Я бы никогда не догадалась, так как не умела распознавать подделки, однако дядя Вилли уже дважды упомянул свою Жоли.

– Лизель говорит, у тебя в доме живет какой-то гость. Это Жоли?

– Да, – расцвел он, – моя жена. – Не успела я отреагировать на эту неожиданную новость, как он продолжил: – Ты должна с ней познакомиться, она будет от тебя в восторге. Она так сильно напоминает мне нашу дорогую Ому – такая элегантная и утонченная. Жоли сотворила чудо, оживив твоего усталого старого дядю и его бизнес.

Как вовремя я появилась здесь!

– Мне было бы очень приятно, – сказала я, неохотно расстегивая ожерелье и возвращая его дяде.

Убрав украшение в ящик, дядя Вилли вздохнул:

– Я бы пригласил тебя сразу, как только ты вернулась из Веймара, но Йозефина об этом и слышать не хочет.

– Да. Боюсь, она очень зла на меня.

– Вот как? Об этом она не упоминала, сказала только, что ты завершила положенное обучение в консерватории и пришло время возвращаться. – Голос его смягчился. – Мне надо было догадаться.

Я кивнула, вдруг испытав укол унижения. Дядю я любила всегда, но рассказывать ему о своих сомнительных приключениях не хотела, даже предполагая, что он бы все понял.

Будто ощутив мою неловкость, он улыбнулся:

– Не беспокойся, Liebchen. Моя сестра – хорошая женщина, но терпимостью не отличается. И у нас с тобой есть нечто общее, потому что мою Жоли она тоже не одобряет. Твоя мать так недовольна мной, что отказывается принимать от меня деньги, хотя сейчас наши дела идут лучше, чем за все послевоенное время. Но я продолжаю вносить ее долю на счет в банке, – добавил дядя Вилли и подмигнул. – Думал, средства могут понадобиться на твое обучение и частные уроки.

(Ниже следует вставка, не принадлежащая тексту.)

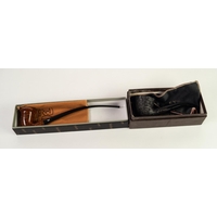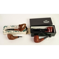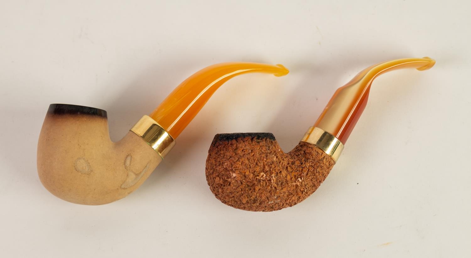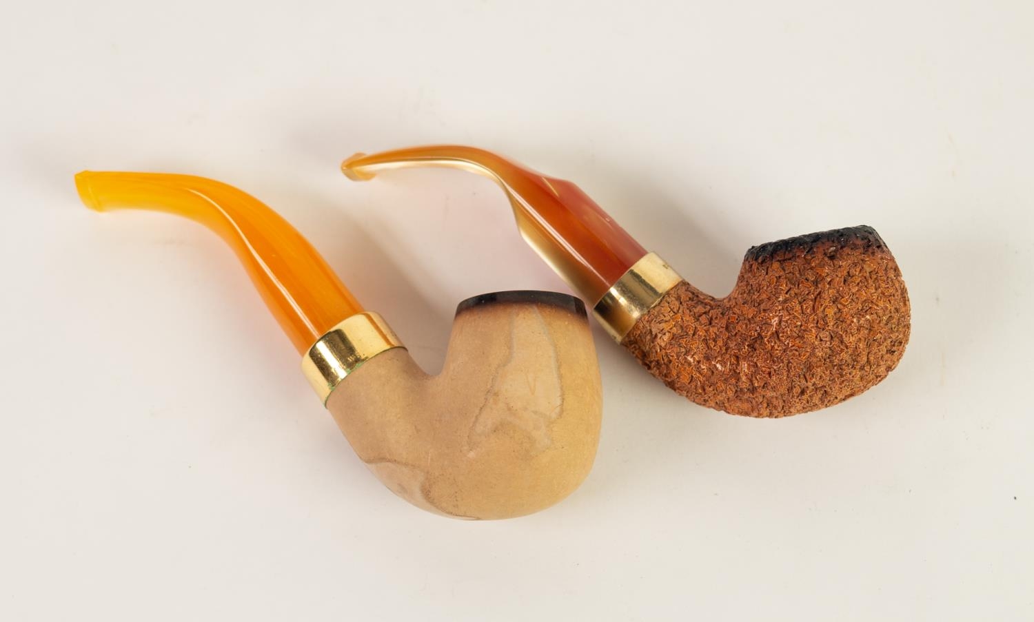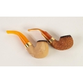 TWO EDWIN AND WILLIAM BARLING SMOKING PIPES, one with meerschaum bowl the other rustic, both with stamped gilt collars and mouthpieces, used, (2)

Пришлось опустить глаза, чтобы он не заметил, как ужасно я себя почувствовала. Мать, конечно, многого лишала себя, чтобы обеспечить мои нужды. Она делала это, потому что мечтала, что я выйду из консерватории солисткой и займу место на большой сцене. Ей и сейчас этого хотелось, отсюда и возник договор о ведении хозяйства австрийца. Разочарование матери, когда она узнала о недостатке у меня таланта, сделало ее еще более нетерпимой и требовательной по отношению ко мне.

Дядя повел меня обедать в кафе «Бауэр», и я впервые с момента приезда в Берлин прилично поела. За свиными отбивными с приправленным мятой картофелем – это блюдо стоило, наверное, целое состояние – он рассказал мне, что познакомился с Жоли на приеме в честь принца Вильгельма, сына кайзера. Принц остался в Германии, несмотря на то что отец был изгнан, и общество так же добивалось его внимания, как и прежде. Вильгельм представил мадам Жоли дяде Вилли, и тот был сразу сражен наповал.

– В то время она была замужем, – объяснил он, – за одним американским изобретателем, который придумал карнавальный аттракцион под названием «Чертово колесо». Жоли сказала мне, что больше не любит мужа, и мы решили: лучшего момента для начала нашей совместной жизни не найти. Она полячка, очень рассудительная, объехала весь мир, хотя по ней этого не скажешь.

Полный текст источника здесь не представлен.